A Complete Guide on OPC Compliance Requirements and Checklist

No Comments

One Person Company, shortly known as OPC, is a kind of company established under the Companies Act, 2013 for the purpose of enabling a solo Entrepreneur to begin and manage the limited liability entity. The main purpose of the OPC establishment is to support lone individual Enterprises. Typically, OPCs have a low turnover compared to private limited companies. As a result, the requirements of OPC compliance are lesser than those of private limited companies. Besides this, OPCs mandatorily need to follow up with every compliance.

What is One Person Company as per Companies Act, 2013?

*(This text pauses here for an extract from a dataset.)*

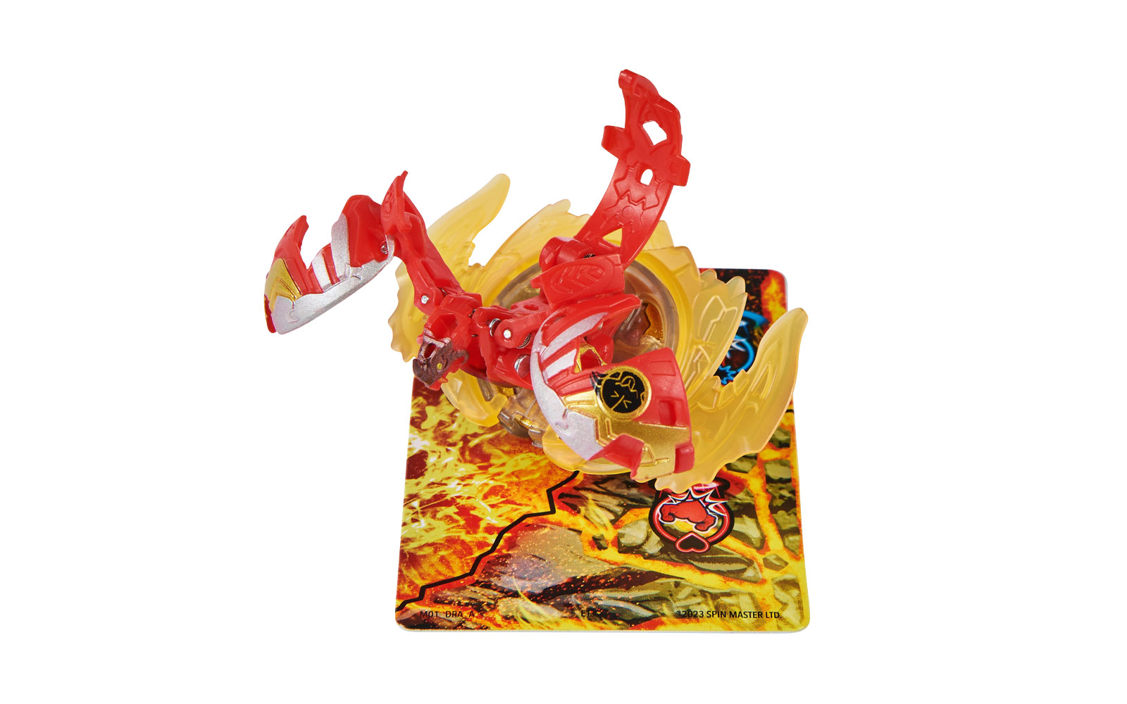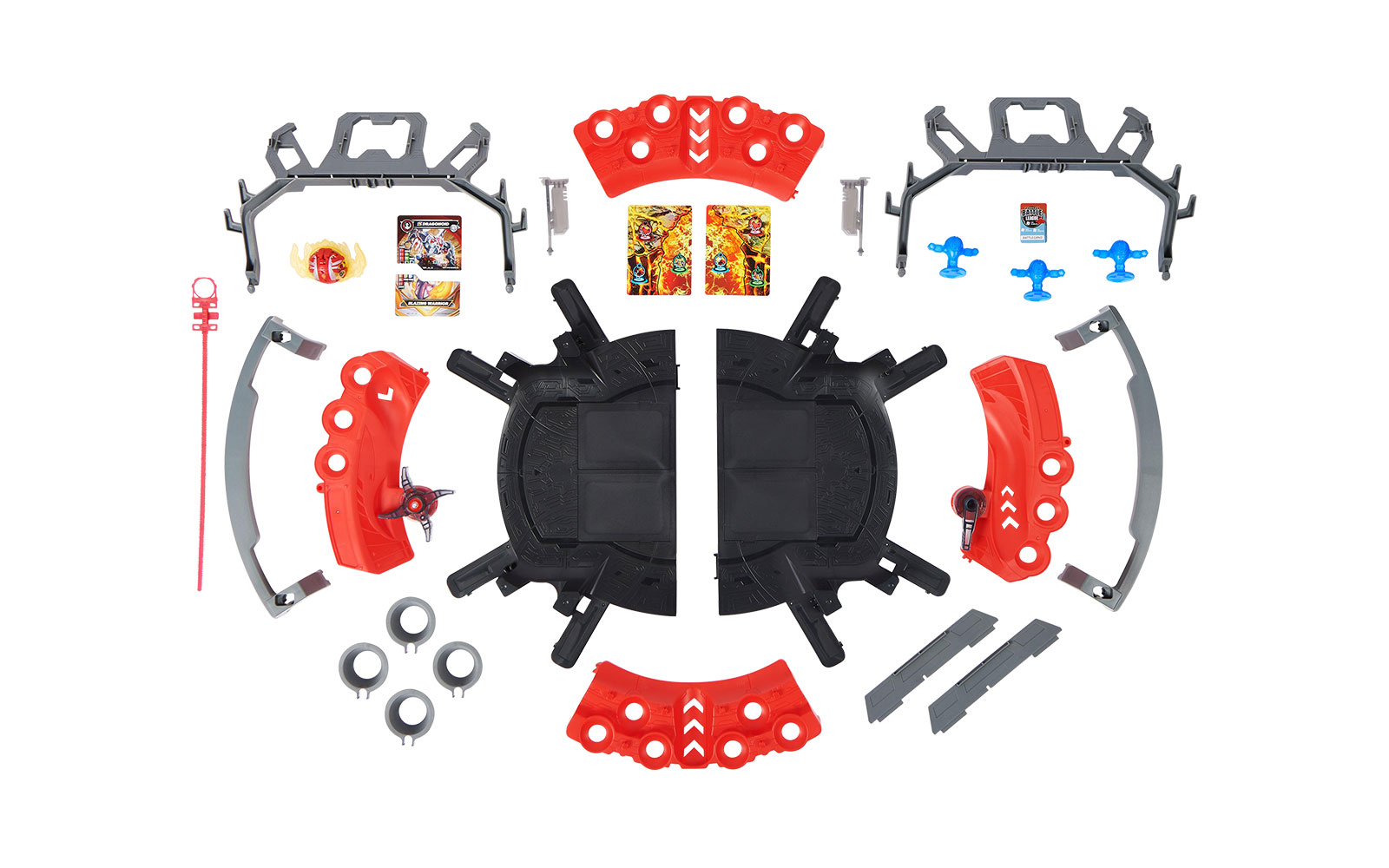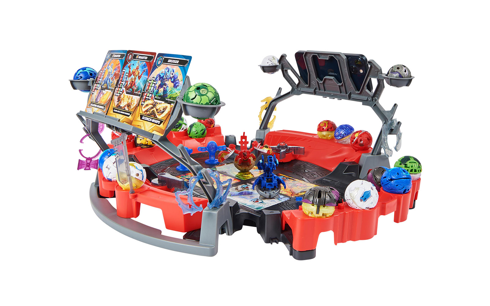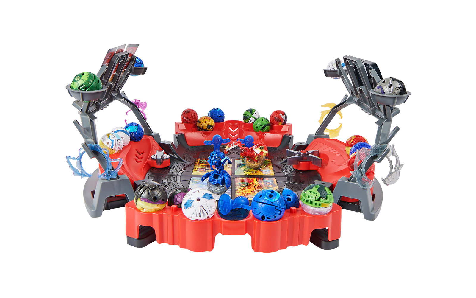 Construieste-ti Arena de lupta cu steaguri de clan si totemuri de lupta pentru a crea obstacole unice. Glisati, invartiti si loviti-va Bakuganul pe diferite obstacole cu roti si palete pentru un joc unic. Aceasta arena include un Dragonoid Bakugan exclusiv de atac special (invartire) si carti de schimb pentru a te ajuta sa intri in actiune. Folositi cordonul XL pentru a invarti Bakuganul exclusivist sau rostogoliti Bakuganul asamblat pe cartile de poarta pentru a le urmari transformandu-se cu transformarile iconice pop-deschise.

Section 2 (62) of the Companies Act, 2013 says a company with only one person as its member or sole owner falls under the criteria of One Person Company or OPC. Further, an OPC is owned and administered by one person only. Moreover, all the members of an OPC are the followers to its memorandum of association (MOA) or its shareholders.

Further, it is significant to mention that an OPC can only be incorporated as a Private Company which means that all the provisions applicable to a Private Limited Company will be applicable to a One Person Company.

Why is it Essential to Comply with Annual Compliance in OPC?

Running a One-Person Company is not that easy. Often, the person’s thinking to start a company is unaware of the important compliances that are mandatorily required to be performed, failing to comply with the same, can lead the company to pay hefty penalties. Apart from penalties, the company and its directors may also be required to face undertaking and further investigation.

Thus, it is worth mentioning that a One-Person Company becomes eligible for performing the annual compliances right from the time of its incorporation. Non-compliances create various hindrances for the company in the form of penalties and fines. To prevent such situations, it is of utmost importance to be aware and comply with the applicable compliances. For One-Person Company, it is required to publish its accurate financial status to the Shareholders and investors.

Advantages of One-Person Company Compliances

There are various benefits of a One Person Company such as-

  • Limited liability protection,
  • Increase the opportunity to get the fund from financial sponsors and,
  • Continuous existence

To enhance the confidence of the investor, the member of the OPC must comply with-

  • Companies Act,
  • Income tax Act and GST Compliances.

From the year 2018, the annual compliance requirement has been increased now for OPC. Notwithstanding the ROC compliances, Companies need to submit annual filing forms each year by 30th September. From the year 2018, the regular fundamental duties have been expanded now for OPC Companies. Below mentioned are the advantages of performing annual compliances of One Person Company.

  • Simple To Raise Support From Financial Speculator: Proper annual compliances of a company including OPC, enhances the confidence of Financial Speculator and makes it simple to raise support from a financial speculator.
  • Provides Active Status: Proper and timely compliances help in maintaining the active status of the company.
  • Avoids Hefty Penalties: Non compliances often result in hefty penalties and Fine. Proper annual compliances help in avoiding the hefty penalties.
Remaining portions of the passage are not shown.